# DIRECTIONS FOR THIS TASK:
Output the line containing "21pcs Dinosaur Birthday" and each line after it through the end of the data, exactly as written, with pictures left out.

# RECORDS FOR THE TASK:
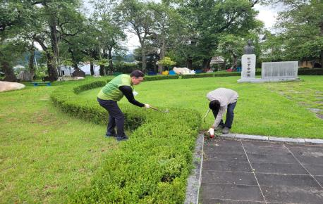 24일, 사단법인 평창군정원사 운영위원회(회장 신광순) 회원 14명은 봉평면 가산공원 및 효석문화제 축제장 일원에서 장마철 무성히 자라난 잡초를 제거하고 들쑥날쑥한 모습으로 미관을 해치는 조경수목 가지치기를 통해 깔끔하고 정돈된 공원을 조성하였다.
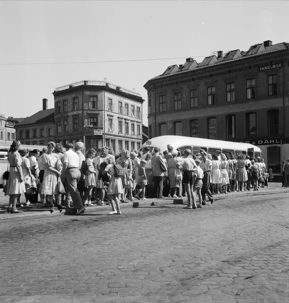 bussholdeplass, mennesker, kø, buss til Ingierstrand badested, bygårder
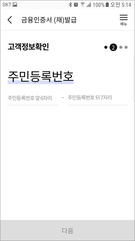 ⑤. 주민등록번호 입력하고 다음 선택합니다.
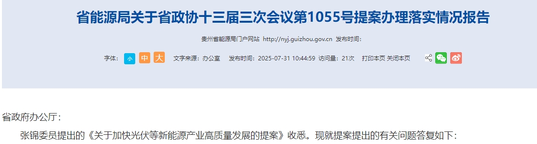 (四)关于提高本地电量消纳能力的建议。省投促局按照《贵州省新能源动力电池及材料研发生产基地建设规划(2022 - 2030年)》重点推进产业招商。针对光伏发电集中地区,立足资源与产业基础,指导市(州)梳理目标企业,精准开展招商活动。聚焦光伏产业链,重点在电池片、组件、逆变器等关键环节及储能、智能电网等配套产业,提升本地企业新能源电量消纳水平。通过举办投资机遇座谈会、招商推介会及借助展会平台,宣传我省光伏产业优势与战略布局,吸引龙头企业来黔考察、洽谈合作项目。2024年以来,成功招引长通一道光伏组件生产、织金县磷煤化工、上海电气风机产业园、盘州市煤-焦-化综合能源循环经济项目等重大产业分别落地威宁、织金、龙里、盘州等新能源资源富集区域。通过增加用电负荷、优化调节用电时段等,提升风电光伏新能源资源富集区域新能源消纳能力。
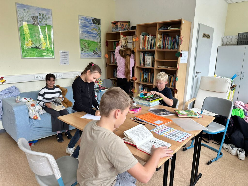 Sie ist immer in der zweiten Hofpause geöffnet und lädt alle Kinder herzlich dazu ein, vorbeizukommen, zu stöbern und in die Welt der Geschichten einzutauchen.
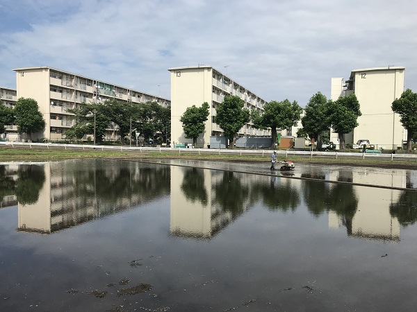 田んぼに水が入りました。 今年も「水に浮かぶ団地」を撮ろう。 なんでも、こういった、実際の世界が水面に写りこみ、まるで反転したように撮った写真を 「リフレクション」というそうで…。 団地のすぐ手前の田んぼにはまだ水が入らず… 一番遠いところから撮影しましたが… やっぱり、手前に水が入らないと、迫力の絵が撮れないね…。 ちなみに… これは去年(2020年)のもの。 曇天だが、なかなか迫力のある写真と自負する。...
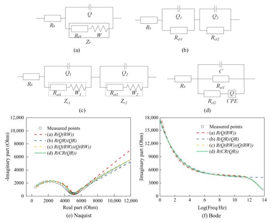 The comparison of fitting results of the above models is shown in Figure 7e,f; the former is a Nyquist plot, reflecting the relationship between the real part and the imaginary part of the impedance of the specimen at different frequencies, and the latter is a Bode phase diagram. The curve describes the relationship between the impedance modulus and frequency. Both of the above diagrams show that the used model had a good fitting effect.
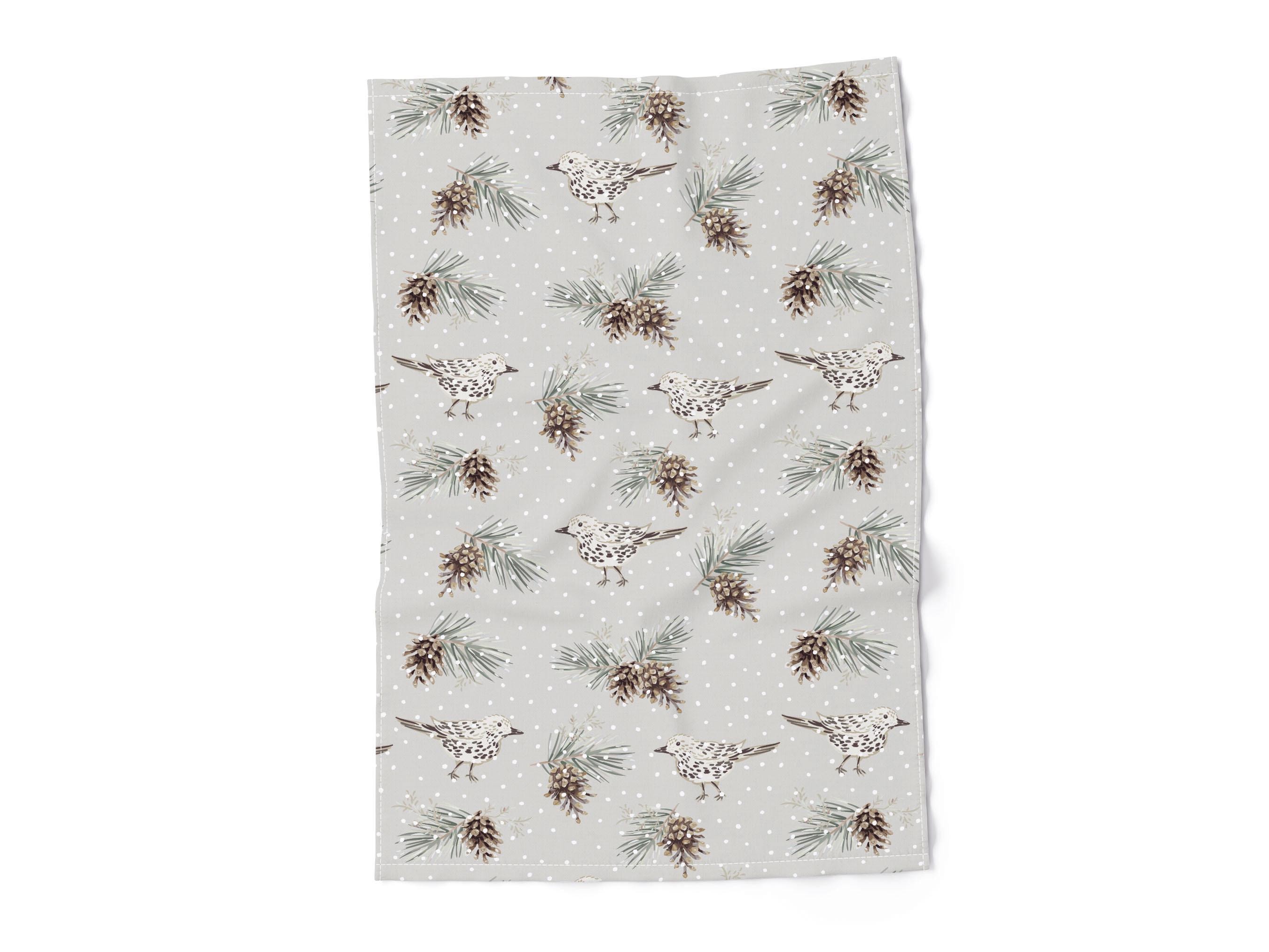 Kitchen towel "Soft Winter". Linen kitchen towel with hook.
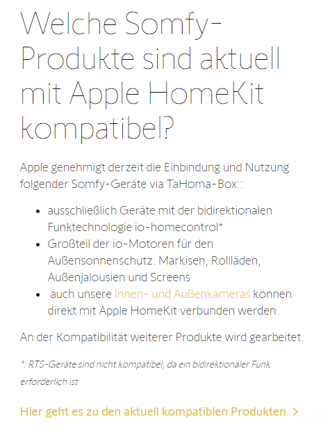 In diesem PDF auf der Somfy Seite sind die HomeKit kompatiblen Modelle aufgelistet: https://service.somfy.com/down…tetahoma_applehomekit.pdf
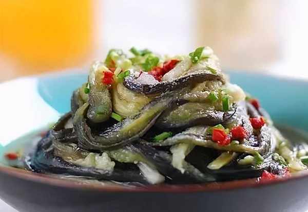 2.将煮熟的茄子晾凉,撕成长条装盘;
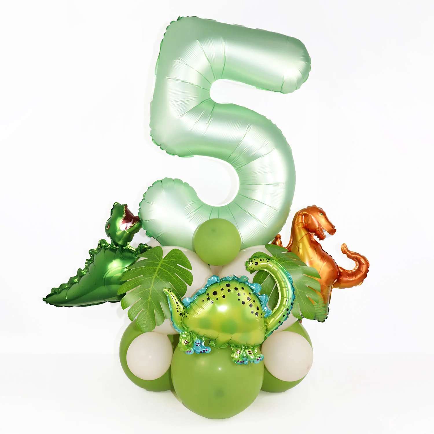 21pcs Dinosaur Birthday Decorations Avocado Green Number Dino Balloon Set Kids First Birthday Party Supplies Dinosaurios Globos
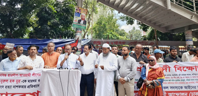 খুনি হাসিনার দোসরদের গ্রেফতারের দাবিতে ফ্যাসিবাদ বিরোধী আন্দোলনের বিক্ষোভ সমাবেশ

# EXERCISE RESPONSE:
 21pcs Dinosaur Birthday Decorations Avocado Green Number Dino Balloon Set Kids First Birthday Party Supplies Dinosaurios Globos
 খুনি হাসিনার দোসরদের গ্রেফতারের দাবিতে ফ্যাসিবাদ বিরোধী আন্দোলনের বিক্ষোভ সমাবেশ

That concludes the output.